§ Requirement:
Look in the material below for the line holding "Fascicolo Colombo, Angelo". Set it down exactly, with each later line up to and including the line holding "Životinje na farmi: Na".

(Records for this task)

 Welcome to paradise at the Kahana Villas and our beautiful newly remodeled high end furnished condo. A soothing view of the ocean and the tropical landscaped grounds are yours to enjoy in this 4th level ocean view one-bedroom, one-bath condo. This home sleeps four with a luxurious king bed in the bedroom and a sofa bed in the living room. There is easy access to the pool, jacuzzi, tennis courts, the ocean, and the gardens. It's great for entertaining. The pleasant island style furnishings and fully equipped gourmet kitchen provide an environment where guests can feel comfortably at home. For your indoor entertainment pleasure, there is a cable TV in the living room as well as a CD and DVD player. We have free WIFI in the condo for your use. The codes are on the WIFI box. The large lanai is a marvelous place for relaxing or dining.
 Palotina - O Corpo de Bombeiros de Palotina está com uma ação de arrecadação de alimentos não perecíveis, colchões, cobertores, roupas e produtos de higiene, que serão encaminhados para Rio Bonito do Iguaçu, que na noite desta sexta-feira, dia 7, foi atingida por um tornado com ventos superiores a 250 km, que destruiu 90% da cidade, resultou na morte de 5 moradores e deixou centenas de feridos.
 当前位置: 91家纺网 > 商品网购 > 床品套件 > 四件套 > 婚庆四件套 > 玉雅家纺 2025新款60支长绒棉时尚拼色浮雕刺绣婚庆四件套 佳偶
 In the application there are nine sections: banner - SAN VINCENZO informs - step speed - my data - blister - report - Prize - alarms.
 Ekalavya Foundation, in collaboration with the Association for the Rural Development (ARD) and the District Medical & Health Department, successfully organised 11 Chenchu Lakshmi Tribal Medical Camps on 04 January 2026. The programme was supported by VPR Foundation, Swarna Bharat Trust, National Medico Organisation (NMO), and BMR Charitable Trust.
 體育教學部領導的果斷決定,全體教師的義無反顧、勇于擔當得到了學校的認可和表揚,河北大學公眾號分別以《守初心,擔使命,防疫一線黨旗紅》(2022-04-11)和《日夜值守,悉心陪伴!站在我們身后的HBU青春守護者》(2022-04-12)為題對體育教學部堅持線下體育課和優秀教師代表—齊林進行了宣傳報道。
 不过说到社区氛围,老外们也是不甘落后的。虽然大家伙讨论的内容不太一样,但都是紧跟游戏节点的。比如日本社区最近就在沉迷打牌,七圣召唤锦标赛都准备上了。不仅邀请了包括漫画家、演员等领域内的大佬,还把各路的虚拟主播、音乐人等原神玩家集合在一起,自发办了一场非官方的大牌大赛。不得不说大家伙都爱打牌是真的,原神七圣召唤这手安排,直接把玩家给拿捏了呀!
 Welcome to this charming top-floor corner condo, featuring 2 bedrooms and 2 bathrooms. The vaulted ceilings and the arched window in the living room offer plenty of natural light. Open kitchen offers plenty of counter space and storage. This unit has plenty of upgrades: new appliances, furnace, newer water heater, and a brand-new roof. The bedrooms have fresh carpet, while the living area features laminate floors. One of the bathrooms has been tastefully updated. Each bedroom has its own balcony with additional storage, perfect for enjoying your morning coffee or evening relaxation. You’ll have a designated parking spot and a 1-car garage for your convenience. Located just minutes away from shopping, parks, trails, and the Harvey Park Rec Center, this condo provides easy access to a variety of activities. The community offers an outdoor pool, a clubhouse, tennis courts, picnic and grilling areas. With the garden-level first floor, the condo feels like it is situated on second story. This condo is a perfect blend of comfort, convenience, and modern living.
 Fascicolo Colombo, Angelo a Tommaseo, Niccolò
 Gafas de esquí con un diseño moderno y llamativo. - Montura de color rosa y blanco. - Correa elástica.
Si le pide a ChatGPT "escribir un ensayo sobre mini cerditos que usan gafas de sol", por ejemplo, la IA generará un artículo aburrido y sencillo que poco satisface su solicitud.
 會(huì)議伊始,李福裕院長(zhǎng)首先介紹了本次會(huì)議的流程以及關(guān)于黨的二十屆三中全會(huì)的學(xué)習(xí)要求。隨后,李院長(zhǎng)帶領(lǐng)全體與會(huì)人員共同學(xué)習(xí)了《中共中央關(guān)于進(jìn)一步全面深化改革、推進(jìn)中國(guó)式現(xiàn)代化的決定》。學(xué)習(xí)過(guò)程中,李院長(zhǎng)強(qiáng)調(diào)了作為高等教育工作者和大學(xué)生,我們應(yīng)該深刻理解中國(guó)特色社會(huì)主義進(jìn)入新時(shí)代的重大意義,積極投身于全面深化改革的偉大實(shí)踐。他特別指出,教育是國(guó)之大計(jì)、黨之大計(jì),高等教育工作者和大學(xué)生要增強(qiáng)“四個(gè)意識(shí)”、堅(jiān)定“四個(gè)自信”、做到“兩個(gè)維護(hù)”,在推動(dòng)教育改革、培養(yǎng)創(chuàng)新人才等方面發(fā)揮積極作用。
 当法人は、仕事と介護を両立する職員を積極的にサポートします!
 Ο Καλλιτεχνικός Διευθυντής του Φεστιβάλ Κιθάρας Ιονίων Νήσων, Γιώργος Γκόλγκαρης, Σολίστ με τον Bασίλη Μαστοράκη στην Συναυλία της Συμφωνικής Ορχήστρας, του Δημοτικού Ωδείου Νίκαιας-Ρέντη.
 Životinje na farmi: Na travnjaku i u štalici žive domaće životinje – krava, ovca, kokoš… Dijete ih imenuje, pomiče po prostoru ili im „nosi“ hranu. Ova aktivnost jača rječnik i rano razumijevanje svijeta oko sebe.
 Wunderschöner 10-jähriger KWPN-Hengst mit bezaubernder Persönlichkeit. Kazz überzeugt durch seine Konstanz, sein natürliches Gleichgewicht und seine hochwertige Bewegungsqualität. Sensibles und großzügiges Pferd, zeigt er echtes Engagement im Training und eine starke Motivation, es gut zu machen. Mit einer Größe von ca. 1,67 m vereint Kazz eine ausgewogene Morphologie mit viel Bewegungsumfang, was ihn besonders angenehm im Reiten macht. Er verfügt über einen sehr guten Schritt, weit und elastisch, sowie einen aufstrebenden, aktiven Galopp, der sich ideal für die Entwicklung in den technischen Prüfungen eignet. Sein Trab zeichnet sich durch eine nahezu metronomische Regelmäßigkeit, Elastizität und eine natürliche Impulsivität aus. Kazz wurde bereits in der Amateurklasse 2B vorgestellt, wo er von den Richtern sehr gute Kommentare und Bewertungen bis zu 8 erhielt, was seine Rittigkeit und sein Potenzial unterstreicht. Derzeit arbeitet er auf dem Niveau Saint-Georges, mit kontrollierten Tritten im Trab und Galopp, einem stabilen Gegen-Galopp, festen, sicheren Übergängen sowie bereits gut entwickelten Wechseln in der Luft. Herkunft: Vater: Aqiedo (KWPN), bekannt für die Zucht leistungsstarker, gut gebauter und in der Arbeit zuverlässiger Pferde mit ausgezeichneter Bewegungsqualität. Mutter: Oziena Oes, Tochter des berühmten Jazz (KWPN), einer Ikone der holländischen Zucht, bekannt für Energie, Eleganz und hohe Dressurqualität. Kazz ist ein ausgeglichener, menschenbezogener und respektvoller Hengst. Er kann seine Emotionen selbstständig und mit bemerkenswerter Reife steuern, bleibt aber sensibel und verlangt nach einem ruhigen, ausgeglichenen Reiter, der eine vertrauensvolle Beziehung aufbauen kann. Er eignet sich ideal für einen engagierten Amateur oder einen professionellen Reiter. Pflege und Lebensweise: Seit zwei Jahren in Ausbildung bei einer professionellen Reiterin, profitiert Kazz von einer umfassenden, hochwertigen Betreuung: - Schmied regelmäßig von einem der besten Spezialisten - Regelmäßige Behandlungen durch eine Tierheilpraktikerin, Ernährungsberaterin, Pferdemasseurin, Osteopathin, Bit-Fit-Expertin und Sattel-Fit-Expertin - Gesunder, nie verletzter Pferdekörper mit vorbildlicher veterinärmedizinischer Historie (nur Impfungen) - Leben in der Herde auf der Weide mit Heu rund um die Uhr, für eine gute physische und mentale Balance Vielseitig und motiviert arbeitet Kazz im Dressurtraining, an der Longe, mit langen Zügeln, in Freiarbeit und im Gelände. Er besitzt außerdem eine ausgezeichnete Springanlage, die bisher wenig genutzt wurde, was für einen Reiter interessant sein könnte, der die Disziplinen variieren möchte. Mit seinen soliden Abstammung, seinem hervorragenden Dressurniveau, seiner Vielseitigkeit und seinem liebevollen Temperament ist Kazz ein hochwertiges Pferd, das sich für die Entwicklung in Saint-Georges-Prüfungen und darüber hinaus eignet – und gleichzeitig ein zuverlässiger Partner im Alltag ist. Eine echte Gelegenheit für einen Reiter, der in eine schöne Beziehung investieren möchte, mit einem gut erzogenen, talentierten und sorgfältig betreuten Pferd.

(End Records for this task)

§ Result of this exercise:
 Fascicolo Colombo, Angelo a Tommaseo, Niccolò
 Gafas de esquí con un diseño moderno y llamativo. - Montura de color rosa y blanco. - Correa elástica.
Si le pide a ChatGPT "escribir un ensayo sobre mini cerditos que usan gafas de sol", por ejemplo, la IA generará un artículo aburrido y sencillo que poco satisface su solicitud.
 會(huì)議伊始,李福裕院長(zhǎng)首先介紹了本次會(huì)議的流程以及關(guān)于黨的二十屆三中全會(huì)的學(xué)習(xí)要求。隨后,李院長(zhǎng)帶領(lǐng)全體與會(huì)人員共同學(xué)習(xí)了《中共中央關(guān)于進(jìn)一步全面深化改革、推進(jìn)中國(guó)式現(xiàn)代化的決定》。學(xué)習(xí)過(guò)程中,李院長(zhǎng)強(qiáng)調(diào)了作為高等教育工作者和大學(xué)生,我們應(yīng)該深刻理解中國(guó)特色社會(huì)主義進(jìn)入新時(shí)代的重大意義,積極投身于全面深化改革的偉大實(shí)踐。他特別指出,教育是國(guó)之大計(jì)、黨之大計(jì),高等教育工作者和大學(xué)生要增強(qiáng)“四個(gè)意識(shí)”、堅(jiān)定“四個(gè)自信”、做到“兩個(gè)維護(hù)”,在推動(dòng)教育改革、培養(yǎng)創(chuàng)新人才等方面發(fā)揮積極作用。
 当法人は、仕事と介護を両立する職員を積極的にサポートします!
 Ο Καλλιτεχνικός Διευθυντής του Φεστιβάλ Κιθάρας Ιονίων Νήσων, Γιώργος Γκόλγκαρης, Σολίστ με τον Bασίλη Μαστοράκη στην Συναυλία της Συμφωνικής Ορχήστρας, του Δημοτικού Ωδείου Νίκαιας-Ρέντη.
 Životinje na farmi: Na travnjaku i u štalici žive domaće životinje – krava, ovca, kokoš… Dijete ih imenuje, pomiče po prostoru ili im „nosi“ hranu. Ova aktivnost jača rječnik i rano razumijevanje svijeta oko sebe.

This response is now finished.